*** Data below ***

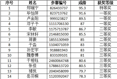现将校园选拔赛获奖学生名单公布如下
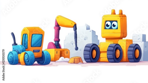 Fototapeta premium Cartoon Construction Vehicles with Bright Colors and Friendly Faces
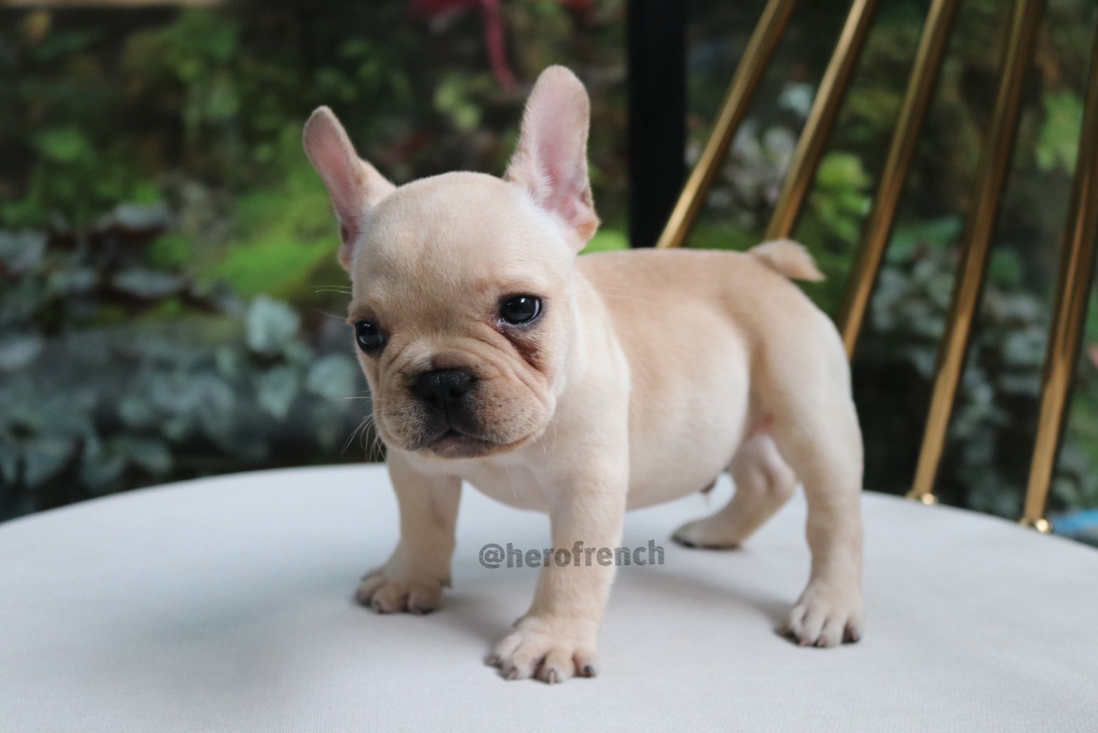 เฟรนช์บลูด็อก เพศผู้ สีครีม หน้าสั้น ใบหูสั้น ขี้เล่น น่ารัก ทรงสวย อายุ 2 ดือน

*** End of Data below ***

- _Your instructions_: Copy nothing but the lines from the line that contains "Fototapeta premium Cartoon" through the end of the listing, exactly, and keep pictures out of it.

- _Reply_:
 Fototapeta premium Cartoon Construction Vehicles with Bright Colors and Friendly Faces
 เฟรนช์บลูด็อก เพศผู้ สีครีม หน้าสั้น ใบหูสั้น ขี้เล่น น่ารัก ทรงสวย อายุ 2 ดือน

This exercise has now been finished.